There are very few times I rue my transportational inabilities. Today was, sort of, one of them. But not really. I regretted the bus ride today because it was dreadfully long due to some bus stick-age that lasted nigh unto a half hour. However, when I stopped and thought about it, I didn't regret that half hour at all--because I read for all of it. And people driving cars don't have chances like that to read books. And, let's be honest, if I got home quickly, I would not have devoted that half hour to reading. Instead, I would have cleaned my room, practiced the song I should be perfecting in my position as choir accompanist, written in my journal, and performed any evening duties that needed to get done. And then, if I had left over time, I probably would have felt tired, crashed, and watched TV. Actually, that's a slight lie. My dad and I are going to see the Young Ambassadors (quite the opposite of what Chichikov peddles) perform at the Conference Center Theater tonight . . . but still, you catch my drift.

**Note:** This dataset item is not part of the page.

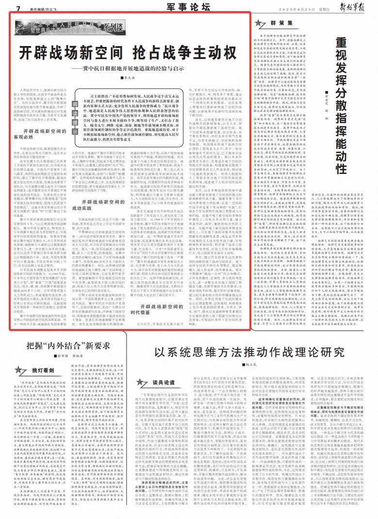 在战场上打开新的空间,并占据战争 - 中国 - 中国 - 中国 - 中国 - 中国 - 中国 - 方法,以及人民的要求,方法,方法,方法和需求,方法,方法和全部作用。在中国共产党的领导下,河北的军事和平民利用隧道打开的战场空间在不可否认的斗争中与敌人作战,既主张工作又攻击敌人。随着空间,网络,电磁,深海和极地地区等战场的持续发展,控制新战场的竞争变得越来越激烈。重新审查隧道战争的历史仍然是参考对于持续扩大新战场空间,抓住新战场的控制,并有效提高人民军队获胜能力的重要性。在人类战争的历史中,可能会主导新的空间将具有战争中第一名的优势,并在某种意义上实现“降低降低性打击”。在反对日本侵略的战争战争期间,中央河北的反日基地地区的军事和民用与敌人一起创造了创意隧道战争,开设了新的战场空间,并从最初的被动反应开始发展,以积极地消除敌人的生活历史,使敌人无处躲藏起来,在反对下午袭击的战争中造成了惊人的袭击。开放新战场以开放新战场的客观需求。我们不仅应该了解不可避免的历史,而且还要注意实际的可能性。这是历史不可避免和现实的可能性的统一。我们的军队积累了普通游击战的丰富经验,在中央河北的反日本基地,在当地拥有良好的群众基地。第八路under the leadership of the Communist Party of China took aDVANTAGE OF THE FAVORABLE OPPORTUNITY OF THE EMPTINESS BEHIND THE ENEMY IN THE EARLY STAGE OF THE WAR OF RESISTANCE AGAINST JAPAN to establish the HeBEI-central anti-Japanese base area, forged a firm-willed anti-Japanese armed force, developed a high-quality cadre team, established an unbreakable fsh-and-blood ties With the local people, and gradually explored the tactics and tactics of bringing guerrilla war to simple地方。赫比中央平原的重要战略地位是指我们的军队应该继续与山区基地斗争并建立战略合作。 Hebei Plain开发了运输和丰富的资源。日本军队将河北地区视为枢纽及其控制中国北部并实现攻击中国的目的的基础。如果我们的军队能够在中部的河北地区发展和发展,并有效防止日本军队,那么戒烟将减轻军事压力在山区基地上,进一步传播了日本和木偶部队的力量,并将丰富的资源转移到平原上,以支持山基地的斗争。因此,结合和开发赫比中心的抗日基本区域不仅可以通过特定的实践,而且在长期的方法中也是必需的。日本军队的战术安排是促使我们的军队在战场上开设新空间的外向推力。自1941年以来,日本中国陆军已经实施了一个严厉的“公共安全纠正计划”,与“邪恶”和“扫地”结合在一起,并分裂了基于河北中心的267区,有分数,封锁,道路和运河。超过0个小块。通过强大的火灾和机动力量,日军形成了战斗,这给我们的军队带来了巨大的损失。我们军队的最初策略不再有效应对新挑战。这促使我们的军队探索了新的蝙蝠TLE模式并扭转被动情况。赫比中部探索真正的隧道的当地人的传统是我们军队在战场上开放新空间的深刻基础。作为一种战术方式,隧道中的战争在我国拥有悠久的历史。真实的人不熟悉河北平原的人。中央河北的地下水位不高,土壤柔软而粘稠,不太难以挖掘,也不容易掉落。当被土匪和“军事灾难”遇到时,赫比中部的人们经常躲在农场坑中,然后发展成隐藏的孔,通常被称为“口袋孔”和“蟾蜍下蹲”。这种简单性和真实性不仅是河北中心人民保护自己的强迫姿态,而且是适合当地条件的明智创造,它还为在隧道和战场上新空间开放的战争和开放提供了可能性。成功开放新战场的技能d开放新的战场通常无法在一夜之间实现。这更多是关于通过否定来改变和发展,避免和改进。简单地回应第一阶段的隧道战争是统一的结构,无法有效地杀死敌人。一开始,在赫比地区中部的隧道中战斗与秘密地窖没有什么不同,它对日军和木偶采取了被动反应。敌人到达后,我们的军事和平民将进入隧道以躲藏。当敌人发现它时,很难逃脱。在赫比中部的迪利普县贝蓬村,日军将有毒气体倒入隧道中,造成800多名非武装人士被杀害。此外,这条被动防御隧道缺乏战斗的特性,地下和上层空间彼此隔离,无法扮演敌人的灭绝角色。如果您想打破J的好处亚太军队在地面太空之战中,您应该打开所有单独的空间,向敌人介绍我们的主要新空间,并在维护自己的同时移走敌人。积极寻求最终阶段变化的隧道战争将战场的空间从一架飞机扩展到了多样化的三振源,以及创新的战术和战术。在中国共产党的领导下,赫比的军事和平民总结了他们的经历和课程,扩大了群众以改变原始的隧道,打开了地下空间,并将通风口变成了可能是防御性和进攻的战斗。增强的隧道具有新功能。第一件事是将被动防御更改为主动防御。隧道的大小从每个家庭的单个隧道形成到每个家庭之间的联系,再到每个村庄之间的联系。第二个是集成n地下及以上空间。隧道将各个堡垒连接到村庄,该村庄将每个露台和屋顶连接起来。第三个是用作现代化塔基卡和战术以打破敌人封锁的基础。因此,我们的军队开发了各种战术形式,例如基于村庄的防御行动,隧道防御的联合行动以及基于村庄的村庄行动。战场上新空间的开放以及各种战场空间的连贯性使我们的军队经常发挥其优势并避免其弱点,使用通风孔防止大量具有小部队的敌人,完全消耗敌人的生命力量,并在Ranzhuang,Mijiafu和其他地区创建经典的战斗例子。隧道空间

In other news, I have done the unthinkable. Nothing that unthinkable! Pull your mind out of the gutter. What I have done is this: I have romanticized my job. Not in a particularly effusive manner on this blog (at least, I don't think it was that effusive), but often in conversation with other people. Perhaps it began because I was so ecstatic to get a job that didn't involve sitting at a desk for the entire eight hours. Or because I was delighted to see a certain lack of monotony. But, like all jobs, my job has its imperfections: hours of mapping out HR statistics on Excel, a cantankerous copier--older than I am--that the company refuses to replace yet because it still shows some signs of functionality (every time I use it, I swear I can hear it saying, "I'm not dead yet" . . . and in a Cockney accent too), a co-worker who does not know the meaning of the words "shower," "breathmint," "deodorant," or "lotion" . . . It's not perfect. And I've recently stopped myself from over-romanticizing it. Otherwise I get disappointed when my day at work is less than excessively interesting.
But there's one thing that I could not possibly be over-romanticizing: I have my own office! With a window!